> **About this exercise**
The entries below are to be given back exactly, with images excluded.

> **Data to use**

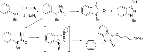 15. Baiocchi L, Corsi G, Palazzo G (1965). "Ricerche nel campo degli indazoli.—Nota 1. Sulla ciclizzazione termica di azidi di acidi N-aril-N-benzil-carbamici". Annali di Chimica. 55: 116–25.
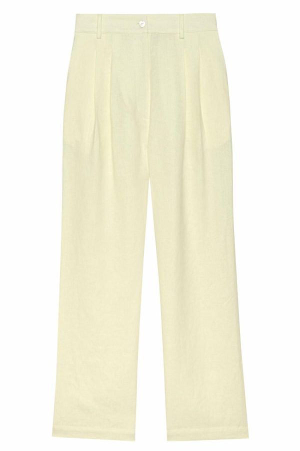 Relaxed yet refined, The Linen Pleated Trouser is crafted from our lightweight linen fabric. Featuring, a wide leg silhouette, side pockets, front pleats, and finished with a mother of pearl button.
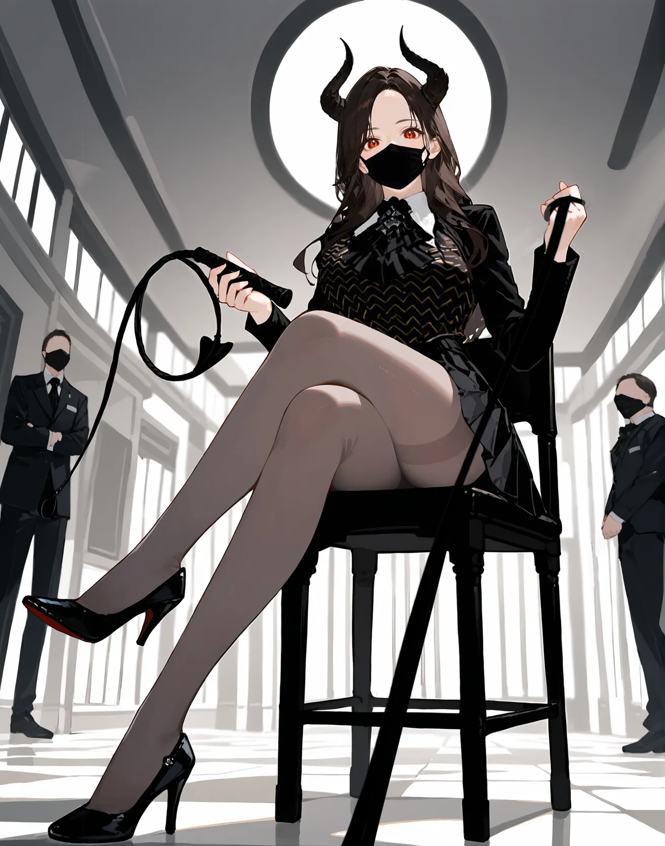 白色半透明的露腰衬衣穿在上身,低胸的领口上一对浑圆硕大的巨乳呼之欲出,半边雪白的乳肉暴露在外,挤出一道惹火的乳沟,纤细的腰肢上有着红色的诡异印记,下身穿着一条黑色包臀超短裙,将肥圆的丰臀紧裹出一道性感的弧度,高挑浑圆的美腿上贴着一层肉色丝袜,光滑油亮,踏着一双白色的水晶高跟鞋,在戒卫的拦截搜查后,金发少女走进了酒馆消失在阴影中。
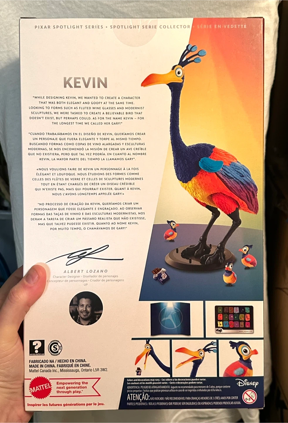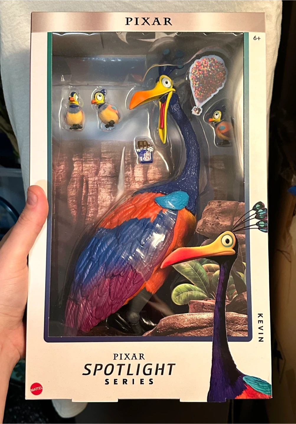 This Mattel Pixar Spotlight Series figure features Kevin from the movie Up. It comes with accessories and is recommended for ages 6 and up. This collectible is great for Pixar fans!
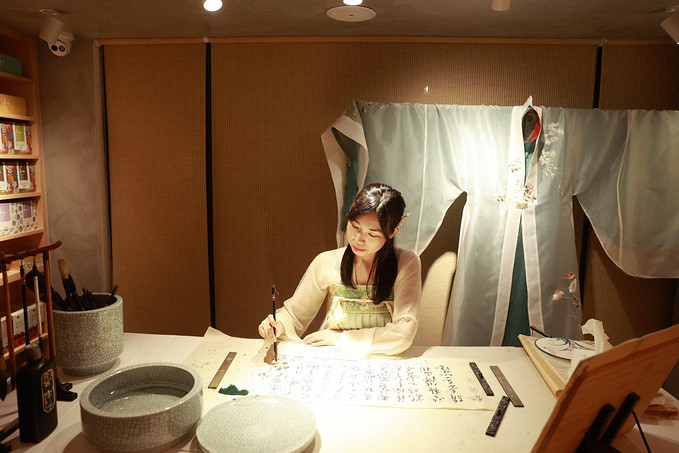 夹层的汉服体验区,这里有张书法桌,可以写毛笔字,或者静静的抄经书,可以让内心更加的平静
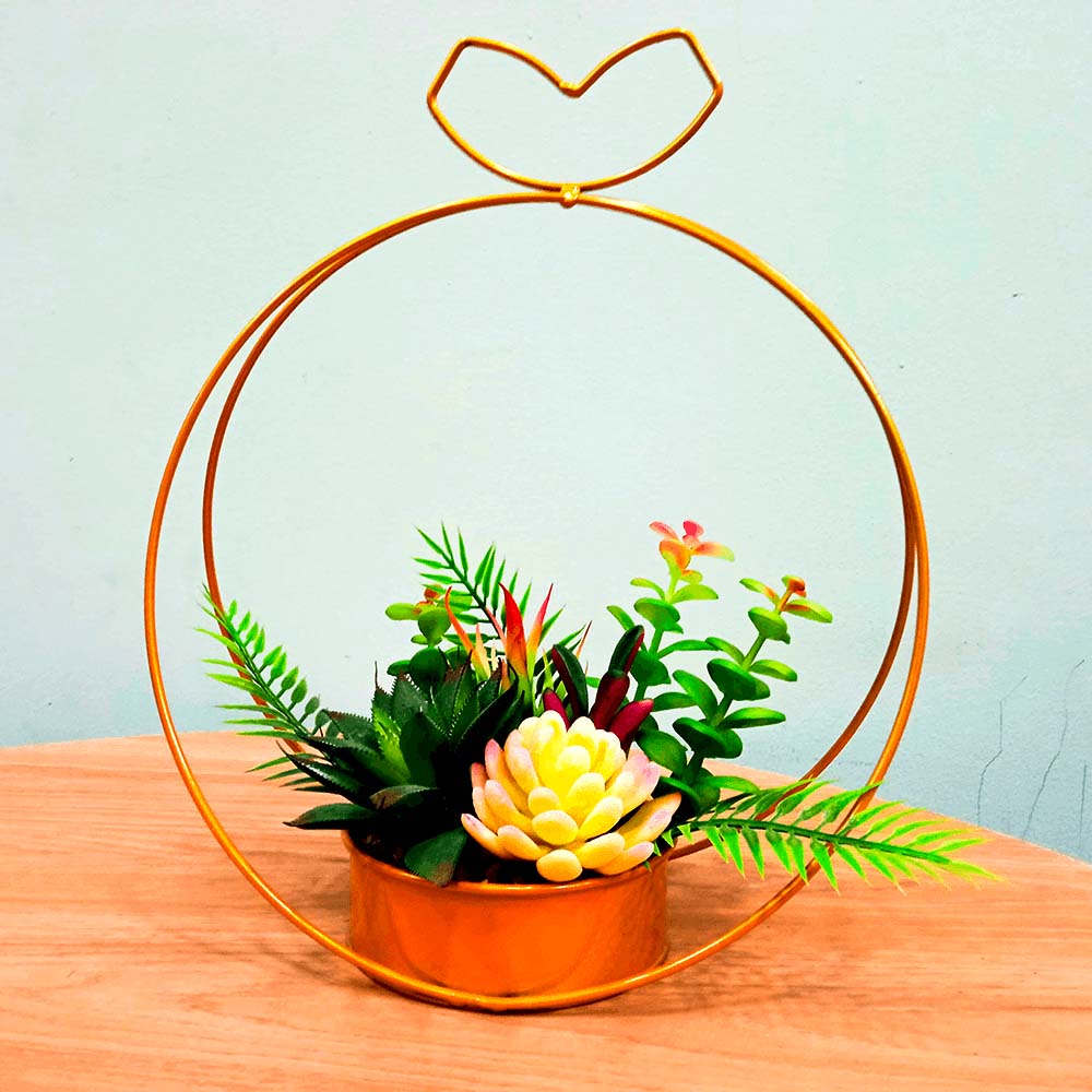 El marco metálico que la sostiene, disponible en tonos sobrios y elegantes, permite colgarla fácilmente en paredes, columnas, balcones o estructuras decorativas. Su diseño colgante da una sensación de movimiento y vida, convirtiéndola en una excelente opción para interiores con estilo moderno, rústico o natural.

> **Response**
 15. Baiocchi L, Corsi G, Palazzo G (1965). "Ricerche nel campo degli indazoli.—Nota 1. Sulla ciclizzazione termica di azidi di acidi N-aril-N-benzil-carbamici". Annali di Chimica. 55: 116–25.
 Relaxed yet refined, The Linen Pleated Trouser is crafted from our lightweight linen fabric. Featuring, a wide leg silhouette, side pockets, front pleats, and finished with a mother of pearl button.
 白色半透明的露腰衬衣穿在上身,低胸的领口上一对浑圆硕大的巨乳呼之欲出,半边雪白的乳肉暴露在外,挤出一道惹火的乳沟,纤细的腰肢上有着红色的诡异印记,下身穿着一条黑色包臀超短裙,将肥圆的丰臀紧裹出一道性感的弧度,高挑浑圆的美腿上贴着一层肉色丝袜,光滑油亮,踏着一双白色的水晶高跟鞋,在戒卫的拦截搜查后,金发少女走进了酒馆消失在阴影中。
 This Mattel Pixar Spotlight Series figure features Kevin from the movie Up. It comes with accessories and is recommended for ages 6 and up. This collectible is great for Pixar fans!
 夹层的汉服体验区,这里有张书法桌,可以写毛笔字,或者静静的抄经书,可以让内心更加的平静
 El marco metálico que la sostiene, disponible en tonos sobrios y elegantes, permite colgarla fácilmente en paredes, columnas, balcones o estructuras decorativas. Su diseño colgante da una sensación de movimiento y vida, convirtiéndola en una excelente opción para interiores con estilo moderno, rústico o natural.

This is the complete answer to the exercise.